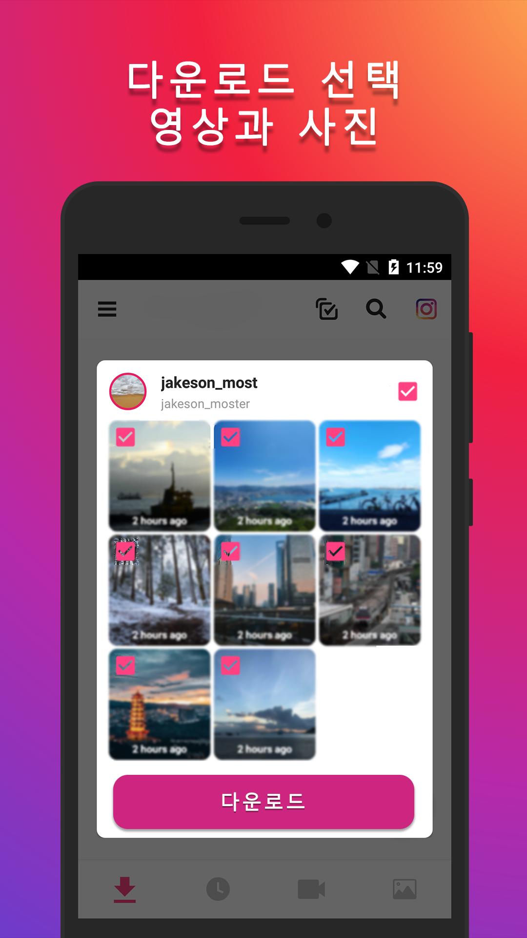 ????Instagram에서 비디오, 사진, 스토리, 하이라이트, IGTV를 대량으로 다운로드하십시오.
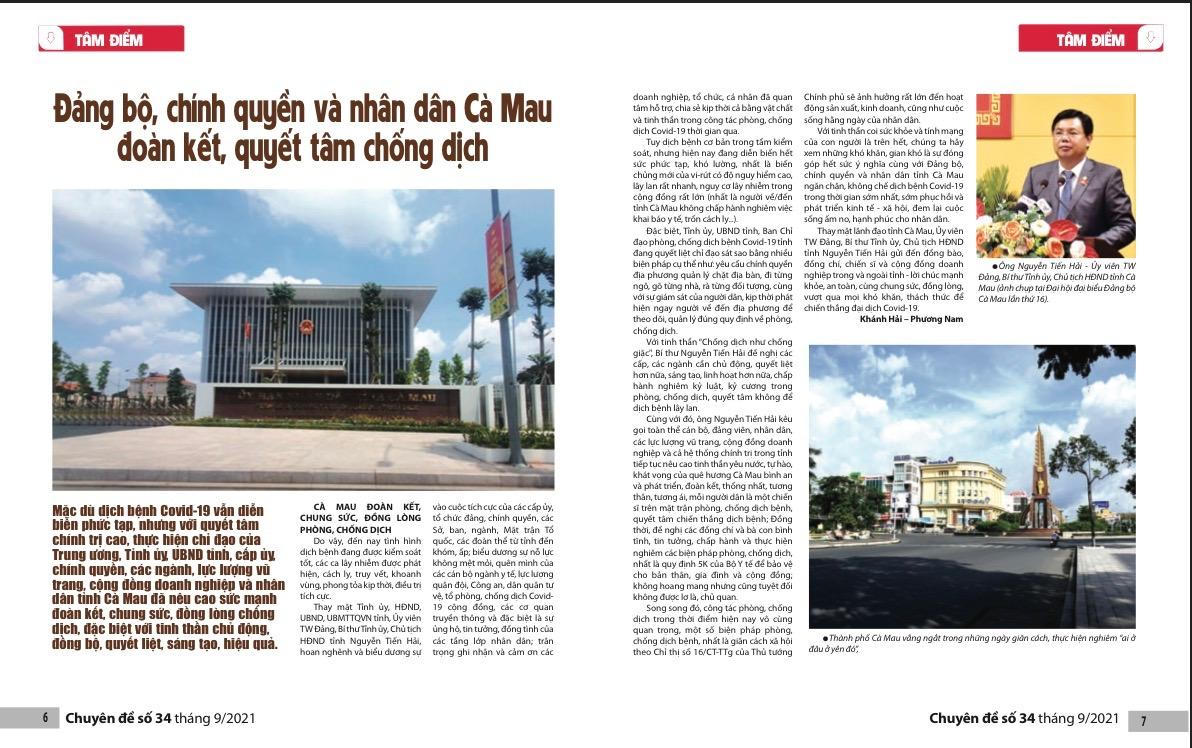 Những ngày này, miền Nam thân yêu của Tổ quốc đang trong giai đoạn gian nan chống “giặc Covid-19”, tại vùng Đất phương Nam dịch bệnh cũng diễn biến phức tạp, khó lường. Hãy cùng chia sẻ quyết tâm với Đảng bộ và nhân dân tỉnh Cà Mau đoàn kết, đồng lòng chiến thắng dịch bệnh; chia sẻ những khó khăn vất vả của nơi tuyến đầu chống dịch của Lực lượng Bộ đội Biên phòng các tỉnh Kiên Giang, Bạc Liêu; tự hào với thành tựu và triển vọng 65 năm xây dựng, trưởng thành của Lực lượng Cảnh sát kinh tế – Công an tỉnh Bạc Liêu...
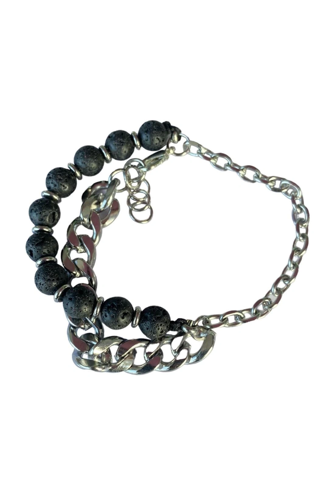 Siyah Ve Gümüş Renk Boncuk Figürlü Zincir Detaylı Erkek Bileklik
────────────────────────────────────────
- [Your task] Beginning with the line containing "Những ngày này, miền" and ending with the last line of the material, output each line exactly; do not include pictures.

- [Task result]
 Những ngày này, miền Nam thân yêu của Tổ quốc đang trong giai đoạn gian nan chống “giặc Covid-19”, tại vùng Đất phương Nam dịch bệnh cũng diễn biến phức tạp, khó lường. Hãy cùng chia sẻ quyết tâm với Đảng bộ và nhân dân tỉnh Cà Mau đoàn kết, đồng lòng chiến thắng dịch bệnh; chia sẻ những khó khăn vất vả của nơi tuyến đầu chống dịch của Lực lượng Bộ đội Biên phòng các tỉnh Kiên Giang, Bạc Liêu; tự hào với thành tựu và triển vọng 65 năm xây dựng, trưởng thành của Lực lượng Cảnh sát kinh tế – Công an tỉnh Bạc Liêu...
 Siyah Ve Gümüş Renk Boncuk Figürlü Zincir Detaylı Erkek Bileklik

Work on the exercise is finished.